00:12:22.340 | Another difference I found between the models was when it came to faces. I asked what was the
00:12:27.400 | fate of this character, Saruman. GPT-4 successfully said the character is Saruman and gave the fate
00:12:33.700 | of that character. Bard flat out refused saying sorry I can't help with images of people yet.

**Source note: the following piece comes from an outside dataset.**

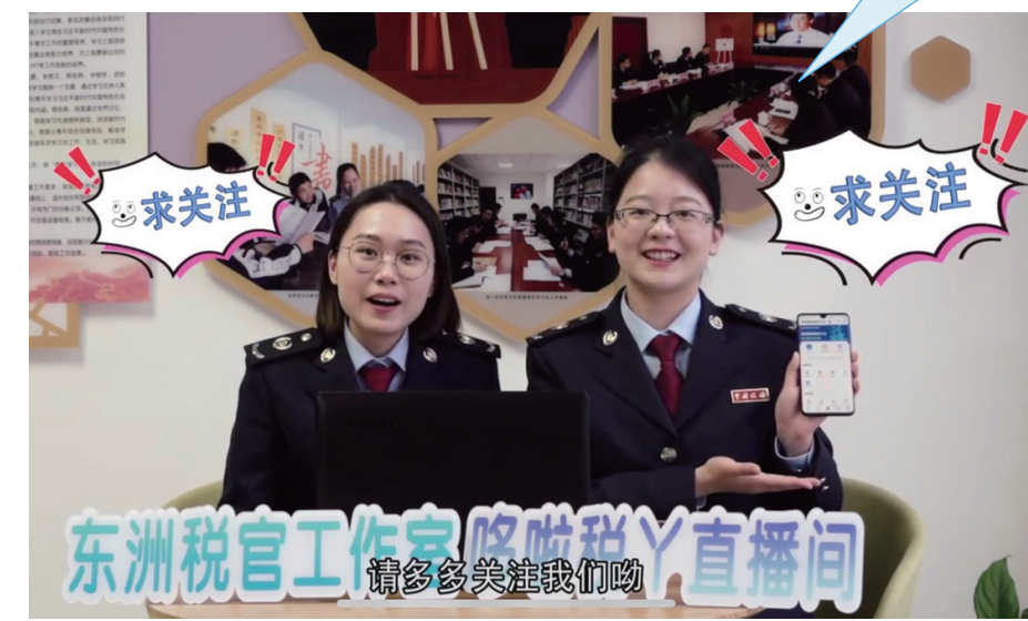
海门税务“哆啦A梦直播”正式上线,为纳税人提供线上培训辅导。

“哆啦A梦直播”正式上线,海门税务专门为纳税人线上培训辅导开辟新途径,生动有趣,方便快捷。
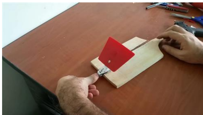
Pegado de la pletina de plástico a la palanca del cortaúñas.

00:12:38.960 | While Lava was kind of helpful saying the character in the image is Gandalf. What about some of those
00:12:46.220 | table questions like I was giving GPT-4 earlier? Well, Bard kind of flopped saying that the answer
00:12:52.320 | was the US but at least got the percentage correct at 51%. Lava did less well saying that the answer
00:12:59.740 | was Brazil. Now maybe this demo doesn't reflect the full capabilities of Lava because I read the
00:13:06.040 | paper that came with the announcement of Lava 1.5. Apparently it got 80% in visual question
00:13:11.760 | answering version 2. That's less than one of Google's models which I've talked about before,
00:13:15.640 | Parley 17 billion, but apparently better than GPT-4. So you guys can let me know if I'm missing
00:13:21.360 | anything about this. I'll be happy to answer any questions you have.
00:13:22.300 | Just before I move on though, I can't help but say that I was really impressed by GPT-4's
00:13:28.960 | analysis of this image. I asked what is poignant and unexpected about this image and it picked up
00:13:34.940 | on the contrast between the devastating event that's unfolding and the seemingly calm demeanor
00:13:40.340 | of the observers. It picked up on almost every detail of the image and it was a fantastic answer.
00:13:46.300 | I saw that yesterday someone had the idea of putting the Mona Lisa into GPT vision asking it
00:13:52.280 | to describe the image. It then got DALI 3 to generate an image based on that description
00:13:57.760 | and put it into a recursive loop. And this was the result of that recursive loop. And with the
00:14:03.340 | explosion in synthetic data and compute, I predict the world will get equally crazy quite soon.
00:14:09.500 | Thank you as ever for watching to the end and have a wonderful day.